O Google limitou o acesso da Meta aos seus modelos Gemini AI devido a restrições na capacidade computacional, de acordo com um relatório do Financial Times. Essa restrição afetou significativamente a Meta, obrigando a empresa a instruir os funcionários a utilizar tokens de IA de forma mais eficiente. A Meta também está transferindo cargas de trabalho do Gemini para seu próprio modelo Muse Spark para reduzir sua dependência de provedores externos de IA.
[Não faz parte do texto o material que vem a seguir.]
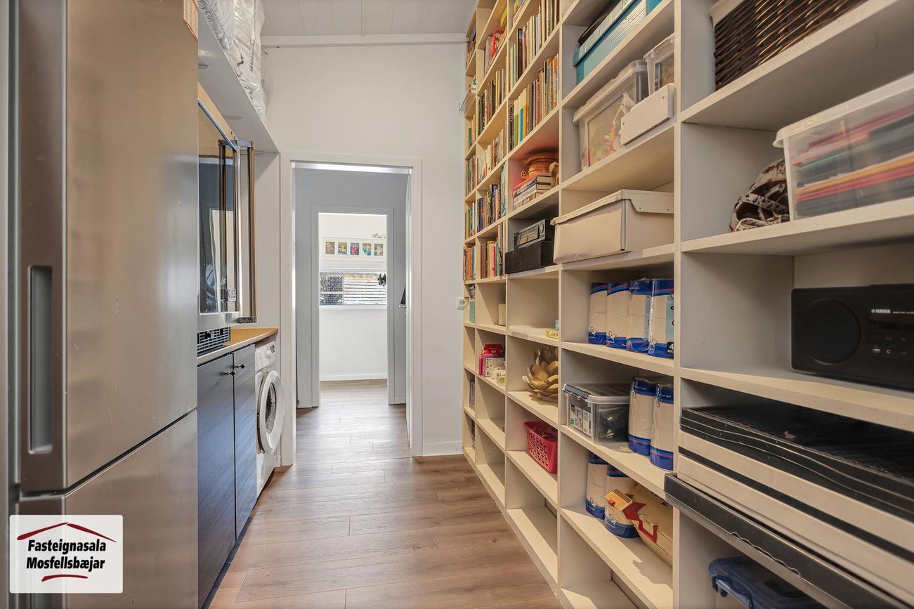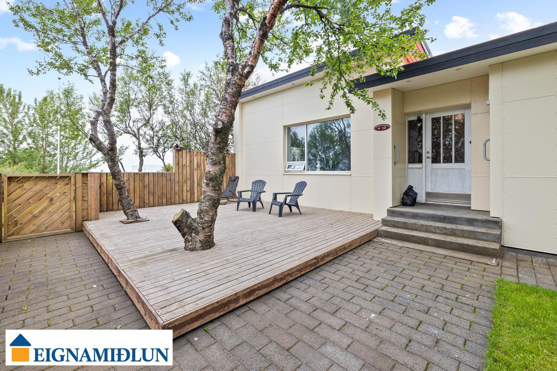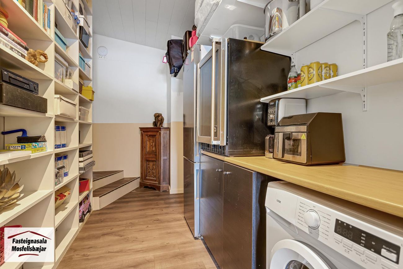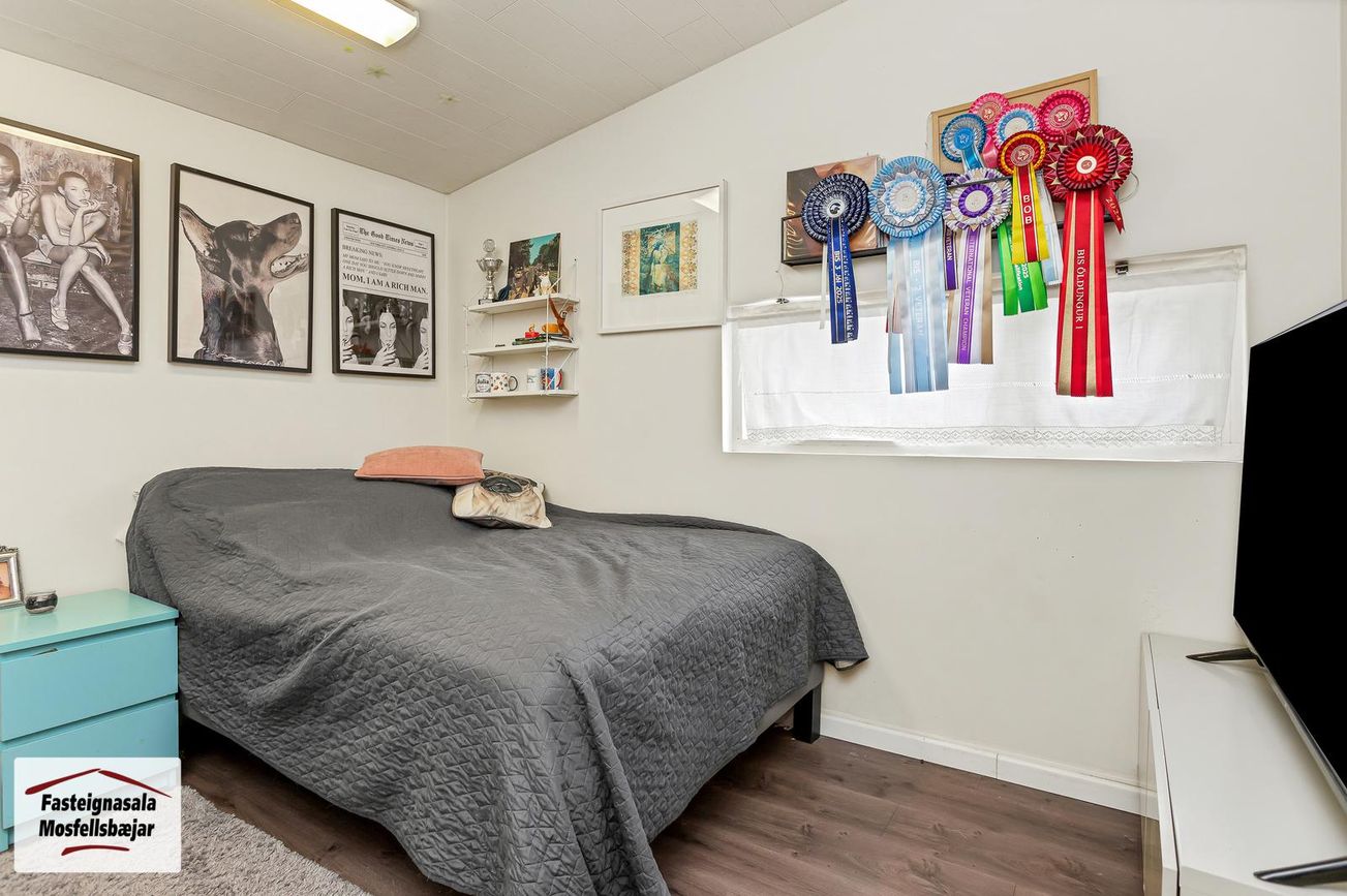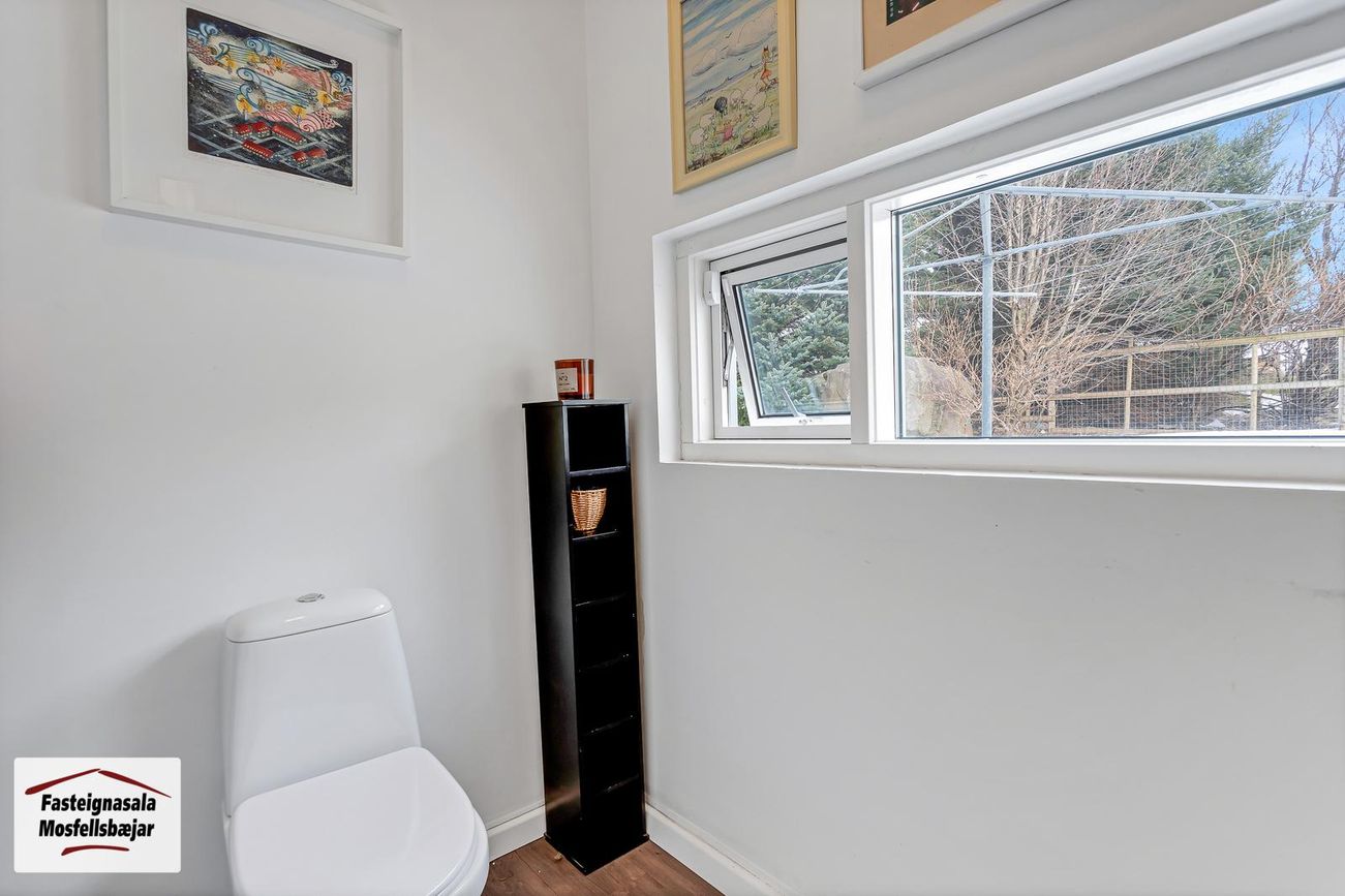 ** Hafðu samband og bókaðu skoðun - Svanþór Einarsson, löggiltur fasteignasali - svanthor@fastmos.is eða 698-8555 - Theodór Emil Karlsson, löggiltur fasteignasali - teddi@fastmos.is eða 690-8040 - Steingrímur Benediktsson, löggiltur fasteignasali - steingrimur@fastmos.is eða 862-9416 **Fasteignasala Mosfellsbæjar kynnir: 253,1 m2 einbýlishús á einni hæð með tvöföldum bílskúr á stórri lóð í Leirvogstungu í Mosfellsbæ. Eignin er í skemmtilegu sérbýlishverfi þar sem mjög stutt er í fallega náttúru. Eignin er skráð 253,1 m2, þar af íbúðarrými 169,5 m2 og bílskúr 83,6 m2. Eignin skiptist í forstofu, baðherbergi með þvottaaðstöðu, 3 svefnherbergi, eldhús, stofu, borðstofu og bílskúr. Inn af bílskúr svefnherbergi, gestasnyrting og eldhúsaðstaða sem var áður nýtt sem auka íbúð. Einnig er svefnherbergi með baðherbergi í kjallara. Eignin stendur á 1.014 m2 eignarlóð með timburverönd til suðurs og hellulagða verönd fyrir framan hús, fallegum garði og stórri baklóð. Bílaplan er hellulagt og með hitalögn. Bílskúrinn og forstofan voru byggð árið 2007 og því nýrri en restin af húsinu.

A Meta inicialmente dependia do Gemini para tarefas como moderação de conteúdo e processos de segurança, devido ao seu desempenho superior em comparação com os modelos de código aberto Llama da Meta. Com o acesso limitado ao Gemini, a Meta está acelerando sua transição para o Muse Spark, lançado sob sua divisão Superintelligence Labs. Os ajustes sinalizam os esforços da Meta para desenvolver alternativas internas para cargas de trabalho essenciais.

Em resposta à crescente demanda pelo Gemini Enterprise, o Google pagou à SpaceX US$ 920 milhões por mês pelo acesso a 110.000 GPUs Nvidia, conhecidas como “capacidade de ponte”. Esta parceria sublinha a escassez de computadores que está a remodelar as relações na indústria tecnológica. Apesar de possuir uma quantidade significativa de infraestrutura de IA e projetar mais de 180 mil milhões de dólares em despesas de capital para 2023, a Google ainda não consegue satisfazer todas as exigências dos clientes e está a racionar o acesso aos seus modelos.

Anteriormente, a Meta cortou 8.000 empregos para se concentrar em iniciativas de IA e, desde então, reatribuiu 7.000 funcionários para funções concentradas em inteligência artificial. As restrições ao Gemini levaram a Meta a melhorar as suas capacidades internas num momento crucial em que a procura por recursos de computação de IA ultrapassa a infraestrutura disponível. Outras empresas, como a Anthropic, estão igualmente à procura de recursos da SpaceX para apoiar as suas operações, destacando uma questão mais ampla de restrições de oferta no setor da IA.

O cenário actual reflecte um estrangulamento significativo no boom da IA, onde o crescimento da procura de poder computacional está a ultrapassar o desenvolvimento das infra-estruturas. Esta tendência ilustra que as limitações enfrentadas pelas grandes empresas no acesso aos modelos de IA não são apenas resultado de desafios algorítmicos, mas decorrem da infraestrutura física necessária para suportar o aumento do consumo.